My baseball team was completed in 1994 with Jordan Powers' successful attainment of his PhD. In his work he employed the Penn State/NCAR model to investigate three cases of mesoscale gravity wave development, evaluating the effects on the developments of such factors as background atmospheric structure, physical processes, and grid resolution. Before closing I would like to remark on two papers that I coauthored, one that appeared early in the post-ECMWF period and the other published this year (2001) with Bill Kuo and associates, which, barring a miraculous recovery of my health, is likely to be my final research contribution. In the first, coauthored with Dan Keyser, we presented a generalization of the Petterssen frontogenesis function and examined its role in the forcing of vertical motion in idealized cyclones. I had developed the basic idea while teaching my graduate synoptic course and showed Dan my class notes during a visit he made to the University of Washington. He informed me that he had recently obtained a similar result and suggested that we collaborate on a paper. I agreed.  But at the time I was in the middle of preparations for my sabbatical leave, precluding any immediate effort on my part. Dan took charge and expanded the topic in his inimitable style, producing a paper that, despite the fact that I can take little credit for its final form, engenders a special feeling of pride. Perhaps this is because the underlying idea was a theoretical oneat least from the standpoint of a lowly synoptic meteorologist.

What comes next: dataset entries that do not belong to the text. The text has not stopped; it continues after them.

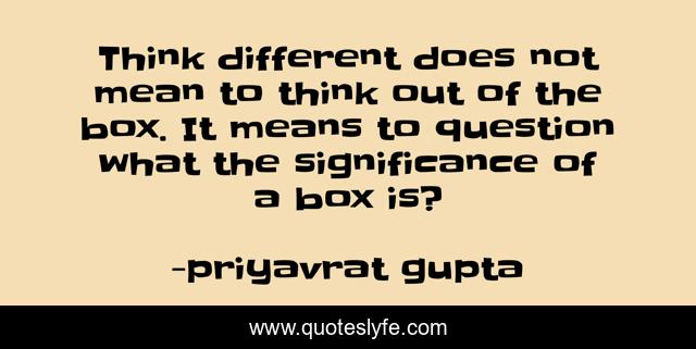 This page presents the quote "Think different does not mean to think out of the box. It means to question what the significance of a box is?". Author of this quote is priyavrat gupta. This quote is about steve-jobs, think-outside-the-box, creativity, apple, think,.
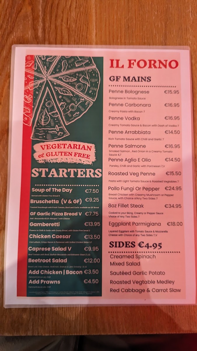 IL Forno offers a menu that balances comforting Italian classics with casual, woodfired pizza favorites. The selection feels approachable and satisfying, ideal for anything from relaxed weekday dinners to weekend gatherings with friends or family. Whether you're stopping by for a cozy meal after exploring Drogheda or settling in for a laid-back evening, the dishes and drinks reflect a warm, inviting atmosphere.
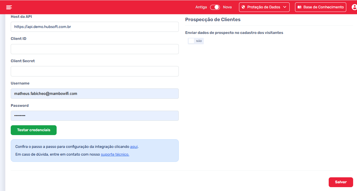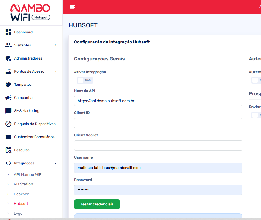 Para integrar o sistema Mambo com o HubSoft e enviar os usuários cadastrados no captive portal como prospectos, algumas informações precisam ser fornecidas corretamente. A seguir, estão as instruções necessárias para a integração.

The second paper dealt with a small or mesoscale cyclone in the Mediterranean Sea that bore a close resemblance to a tropical cyclone. The paper, which appeared in a recent issue of Meteorology and Atmospheric Physics, documented in detail the initial development and subsequent behavior of the storm and tested the ability of the NCAR model to simulate the observed sequence of events. A unique feature of the study, in the sense that I had not employed it previously in my work, was the use, thanks to my collaborators, of adjoint sensitivity to alter the initial conditions at one point in the simulation and from the altered state to obtain a revised forecast. This procedure, in combination with a vortex implant method, resulted in a considerable improvement of the "forecast."

In summary, during my early education I demonstrated the capacity for a career in science but felt no strong urge to pursue a scientific career, much less a career in meteorology. It was an accident of World War II that I was shunted into this field as an enlisted man in the Navy and a matter of rare good fortune that I was given the opportunity to obtain a BS degree in Meteorology while still in uniform. However, it was no accident that once introduced to the subject, my future course was set. From the start I loved meteorology with a deep-seated passion and experienced aesthetic feelings toward meteorological phenomena that motivated and sustained my efforts. These emotional attachments lasted throughout my career. Without them it is unthinkable that I could have achieved what I did. My choice of specific research topics was determined or inspired by a number of circumstances, ranging from healthy curiosity, to obligations imposed by others, to opportunities proffered by outside parties, to the occasional desire to strike out in new directions, to contact with directly experienced weather events, and, in my most notable work, to a series of improbable events. In a word there was no common thread except for an insatiable desire to observe and understand atmospheric phenomena.